## Data for this task:
##########
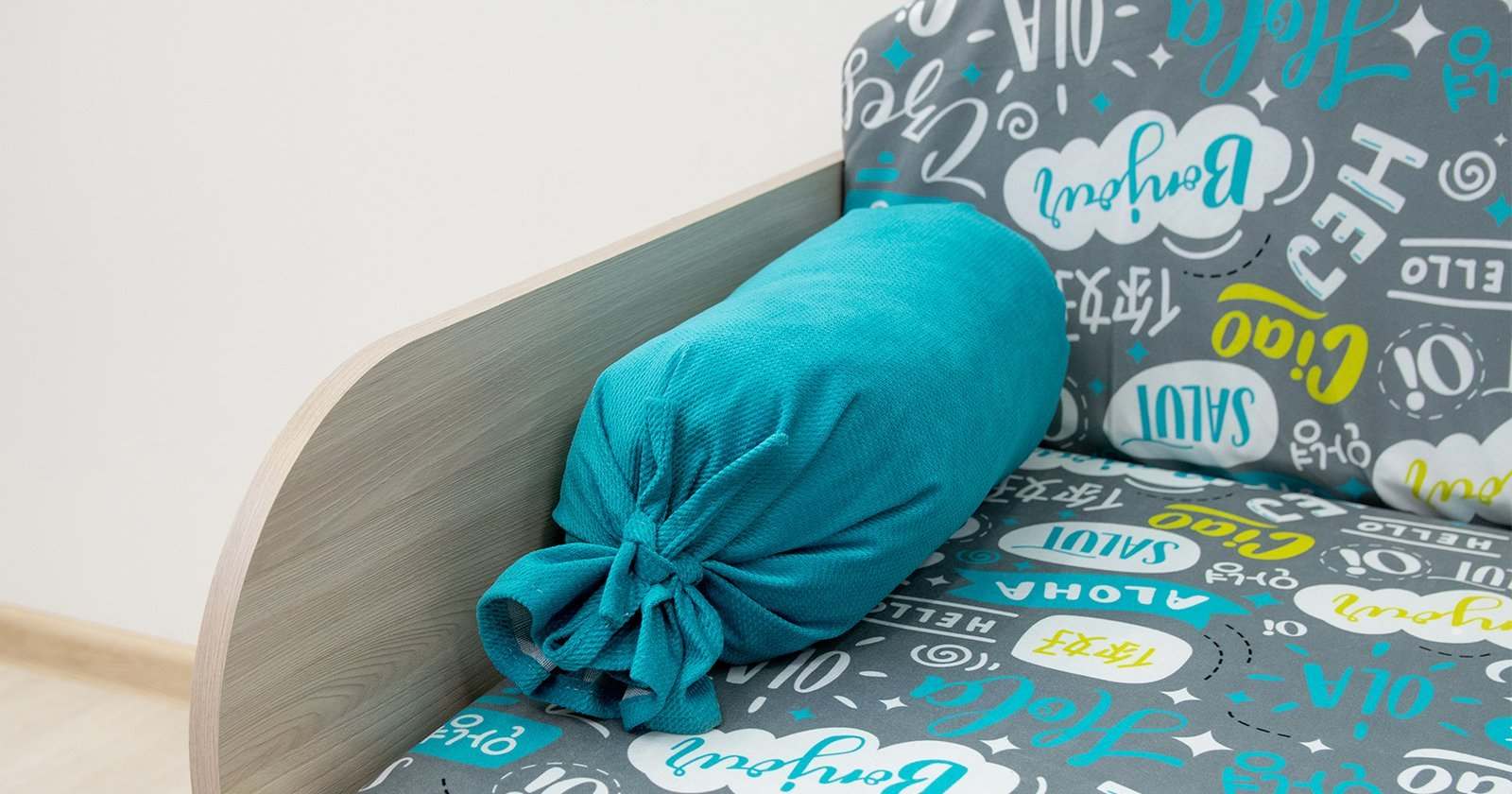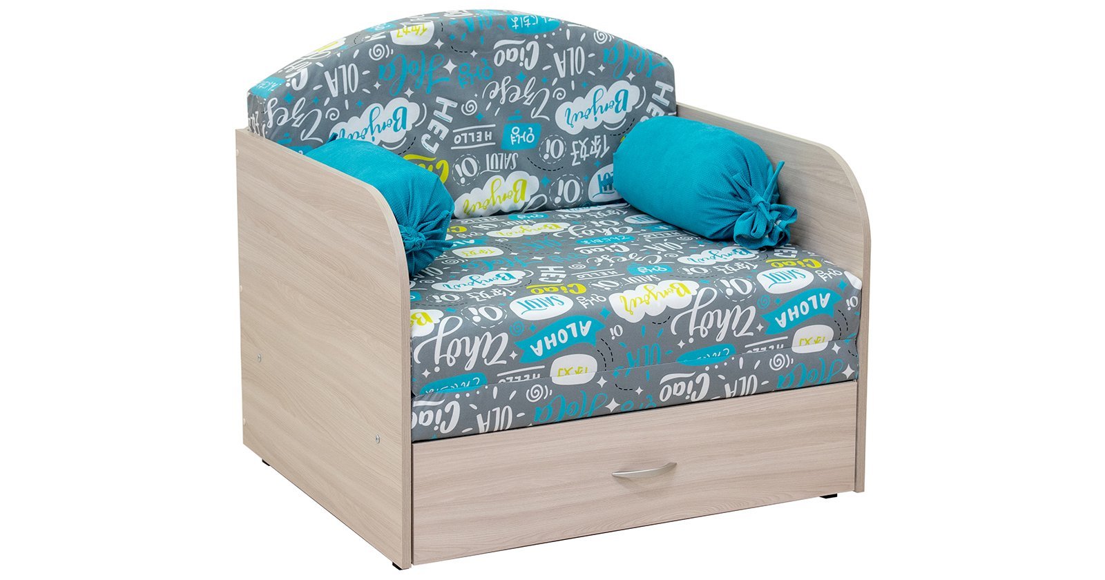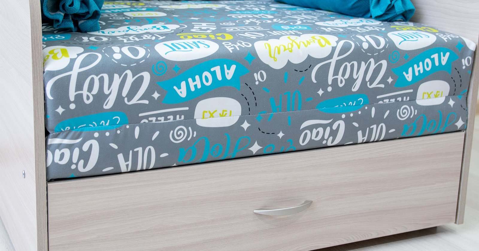 Детский диван-кровать «Антошка 1» 011 Фибра Чао серо-бирюзовый лайм
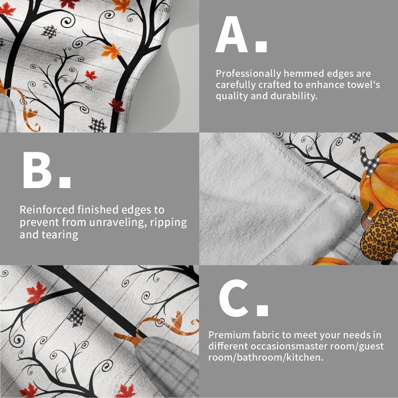 - 【Unique Design】Hand towels for bathroom are single-sided printed with unique prints and vivid pattern. Fall forest, pumpkins and maple leaves. There are black and white buffalo plaids in the ends of the towel.The towel absorbent and sturdy, long-lasting durability. The vibrant colors will not fade after several times washing, and not easy to linted. It can not only decorate your bathroom but also create a cozy look for your home, a nice autumn homeware item.
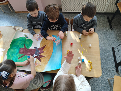 Вместе с Котом Учёным дети отправились в путешествие по Лукоморью: отгадывали загадки из волшебной корзинке, и создали большую общую картину «У лукоморья дуб зелёный».
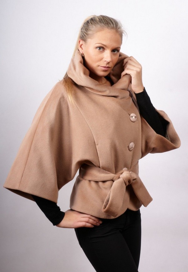 Пальто отличается своим необыкновенным фасоном. Воротник широкий, многослойный. Застёгивается пальто по косой боковой линии на несколько крупных пуговиц. Рукава двухслойные – верхний слой - широкий рукав три четверти. Нижний - прилегающие плотные чёрные рукава.
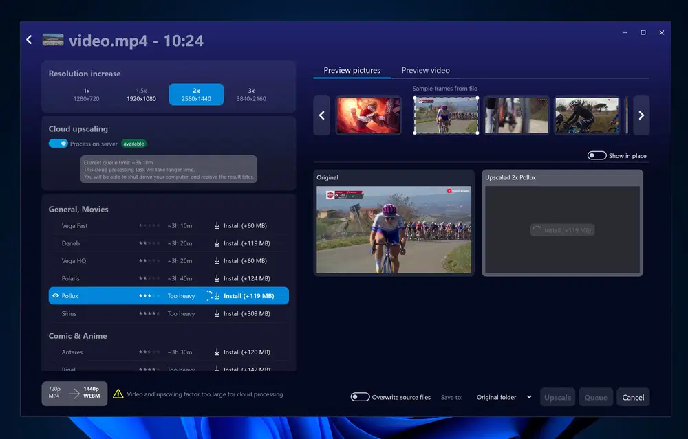 - Функциональные ограничения: В отличие от полной версии, которая предлагает широкий спектр ИИ-моделей и возможностей улучшения видео, SE-версия может иметь ограничения по доступным функциям и моделям AI. Например, в SE-версии пользователи столкнутся с ограничениями в выборе методов улучшения видео, с некоторыми доступными для загрузки моделями, такими как Vega Fast и Vega HQ, в то время как другие опции помечены как несовместимые.
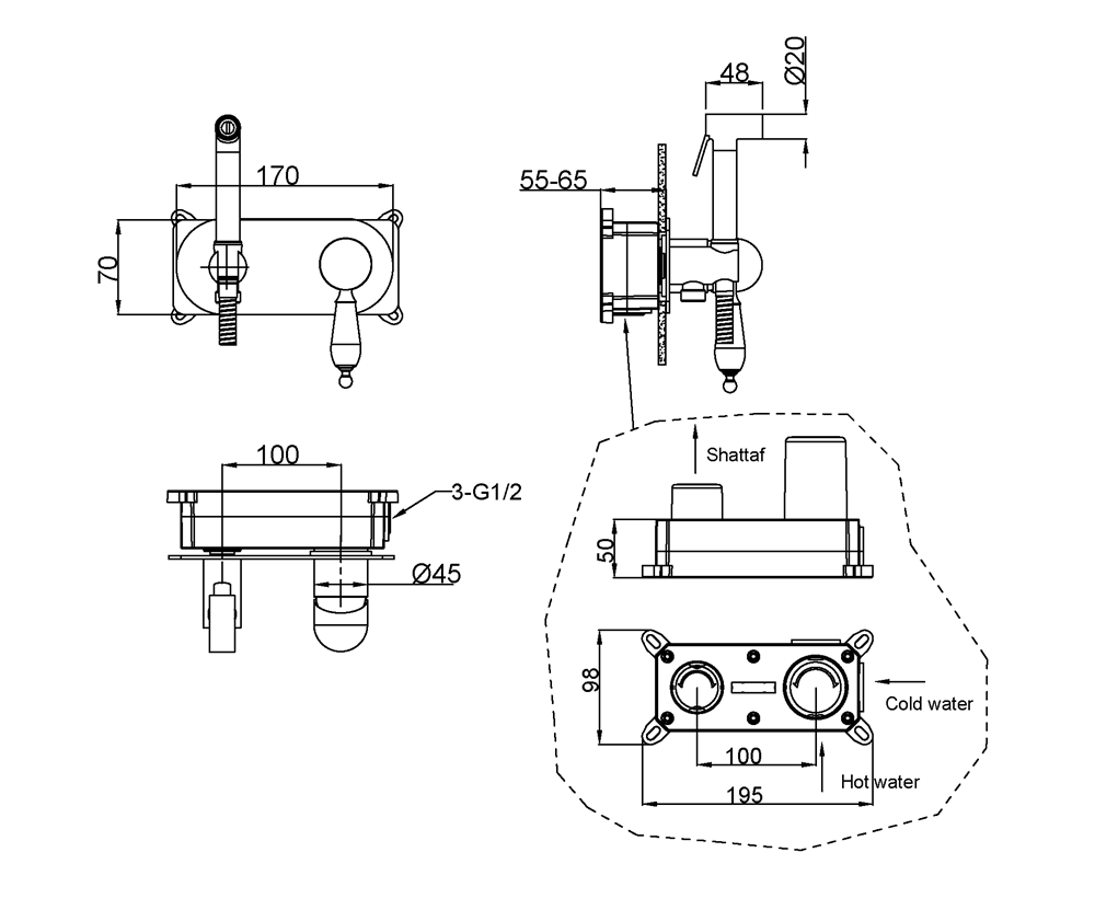 состав поставки: смеситель (внешняя и внутренняя часть), гигиенический душ, душевой шланг, гибкая подводка, крепеж
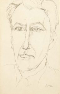 Grand portrait au crayon sur une feuille extraite d'un carnet à spirale (210 x 135 mm).
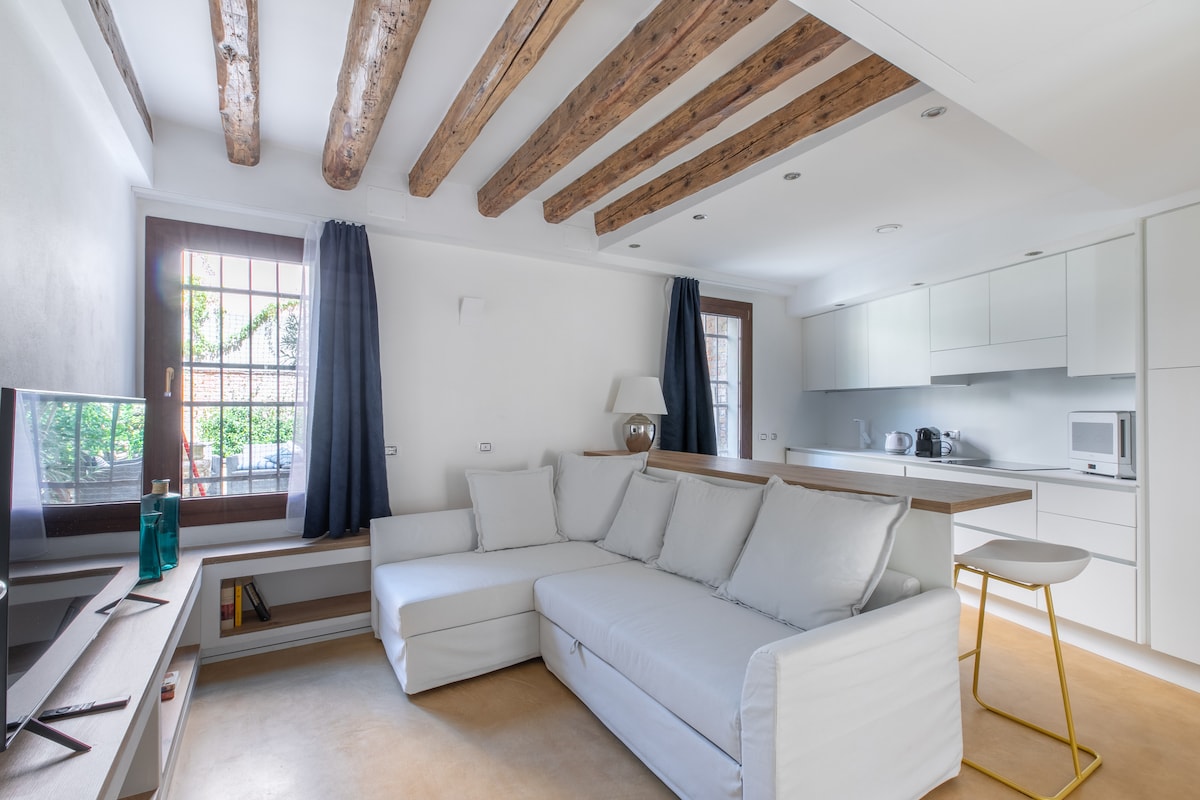 Top notch renotation of historic apartment in strategic location near the station. Right on the canal!A unique feature is the antique private water door (house also has its main private entrance on the street). On the other side it faces a beautiful Venetian courtyard. Living room with kitchen area, dining area, two bedrooms, bathroom. Attention to detail, designer furnishings... a quintessential Venetian home reinvented with a modern touch. The house is equpped with keypad for SELF CHECK-IN
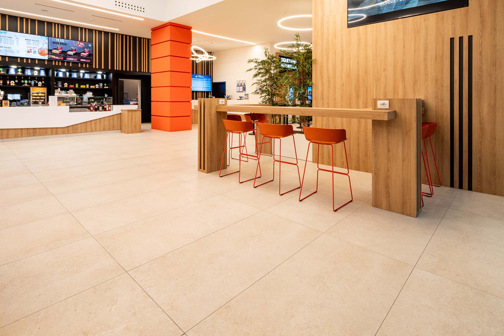 Muchas de las superficies del interior de los espacios comerciales se han solado con colecciones de gres porcelánico de Marazzi.
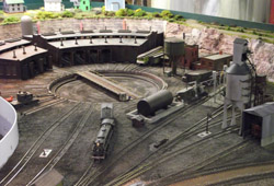 We do not follow, nor run a strict prototypic era or type of layout, though the emphasis is on the steam to diesel transition period in Canada. Currently our track plan includes a major yard, engine servicing facility with round house and turn table, 2 major towns, a harbour switching area, a mountainous region, and more.
##########
## Problem to work on:
Only the text of the entries above, transcribed exactly, should be given; leave out pictures.

## Exercise answer:
 Детский диван-кровать «Антошка 1» 011 Фибра Чао серо-бирюзовый лайм
 - 【Unique Design】Hand towels for bathroom are single-sided printed with unique prints and vivid pattern. Fall forest, pumpkins and maple leaves. There are black and white buffalo plaids in the ends of the towel.The towel absorbent and sturdy, long-lasting durability. The vibrant colors will not fade after several times washing, and not easy to linted. It can not only decorate your bathroom but also create a cozy look for your home, a nice autumn homeware item.
 Вместе с Котом Учёным дети отправились в путешествие по Лукоморью: отгадывали загадки из волшебной корзинке, и создали большую общую картину «У лукоморья дуб зелёный».
 Пальто отличается своим необыкновенным фасоном. Воротник широкий, многослойный. Застёгивается пальто по косой боковой линии на несколько крупных пуговиц. Рукава двухслойные – верхний слой - широкий рукав три четверти. Нижний - прилегающие плотные чёрные рукава.
 - Функциональные ограничения: В отличие от полной версии, которая предлагает широкий спектр ИИ-моделей и возможностей улучшения видео, SE-версия может иметь ограничения по доступным функциям и моделям AI. Например, в SE-версии пользователи столкнутся с ограничениями в выборе методов улучшения видео, с некоторыми доступными для загрузки моделями, такими как Vega Fast и Vega HQ, в то время как другие опции помечены как несовместимые.
 состав поставки: смеситель (внешняя и внутренняя часть), гигиенический душ, душевой шланг, гибкая подводка, крепеж
 Grand portrait au crayon sur une feuille extraite d'un carnet à spirale (210 x 135 mm).
 Top notch renotation of historic apartment in strategic location near the station. Right on the canal!A unique feature is the antique private water door (house also has its main private entrance on the street). On the other side it faces a beautiful Venetian courtyard. Living room with kitchen area, dining area, two bedrooms, bathroom. Attention to detail, designer furnishings... a quintessential Venetian home reinvented with a modern touch. The house is equpped with keypad for SELF CHECK-IN
 Muchas de las superficies del interior de los espacios comerciales se han solado con colecciones de gres porcelánico de Marazzi.
 We do not follow, nor run a strict prototypic era or type of layout, though the emphasis is on the steam to diesel transition period in Canada. Currently our track plan includes a major yard, engine servicing facility with round house and turn table, 2 major towns, a harbour switching area, a mountainous region, and more.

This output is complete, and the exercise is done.